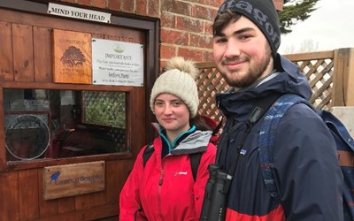 Tommy and Ellie stop off during their three day walk at the Milford upon Sea Bird Observatory in Keyhaven.
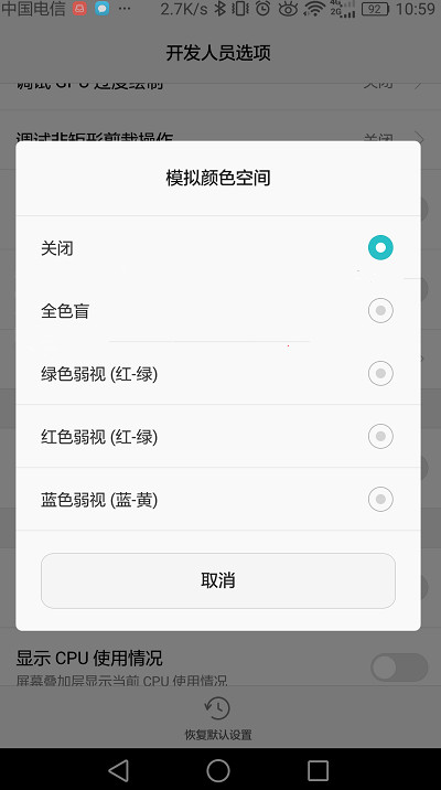 3、在弹出的选项中,选择关闭即可退出灰色屏模式。
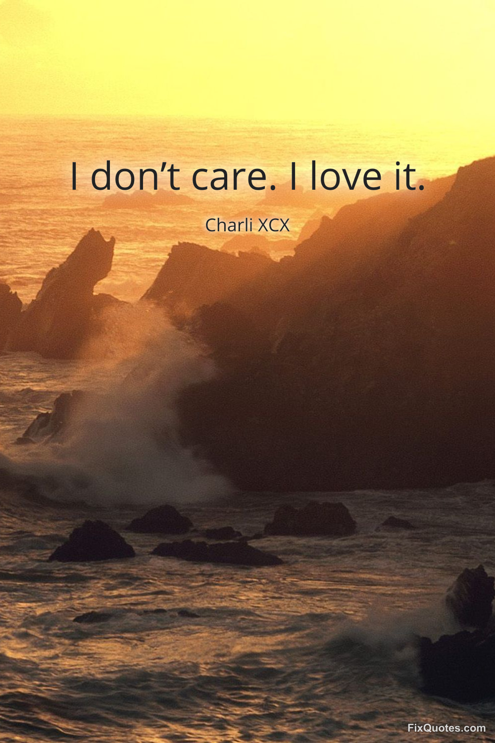 XCX, Charli. "I don’t care. I love it." FixQuotes. January 25, 2026. https://fixquotes.com/quotes/i-dont-care-i-love-it-184199/.
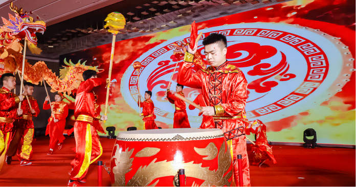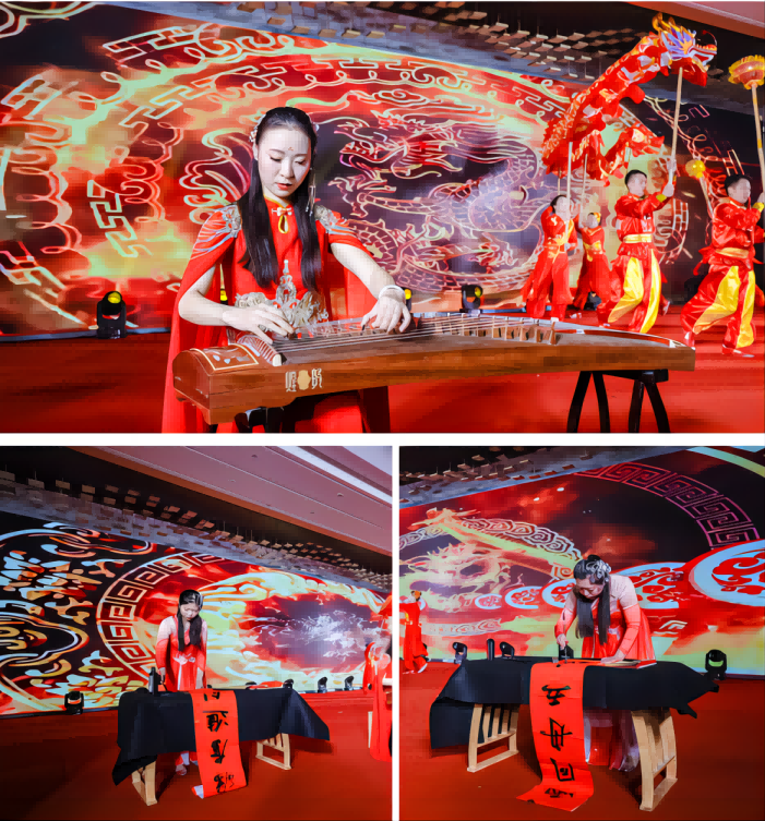 安徽淮北華曜港利實驗學校的老師們帶來開場表演《龍騰盛世》,以舞蹈、書法、武術等才藝,配以古箏、鼓、笛子、二胡樂器伴奏,呈現了一場精彩絕倫的二龍戲珠,祝願集團50周年吉祥、繁榮、蓬勃發展。

= = = =

> _EXERCISE BRIEF_
The answer should contain only the lines from the one with "3、在弹出的选项中,选择关闭即可退出灰色屏模式。" through the last line of the material, given word for word and without pictures.

> _WORKED SOLUTION_
 3、在弹出的选项中,选择关闭即可退出灰色屏模式。
 XCX, Charli. "I don’t care. I love it." FixQuotes. January 25, 2026. https://fixquotes.com/quotes/i-dont-care-i-love-it-184199/.
 安徽淮北華曜港利實驗學校的老師們帶來開場表演《龍騰盛世》,以舞蹈、書法、武術等才藝,配以古箏、鼓、笛子、二胡樂器伴奏,呈現了一場精彩絕倫的二龍戲珠,祝願集團50周年吉祥、繁榮、蓬勃發展。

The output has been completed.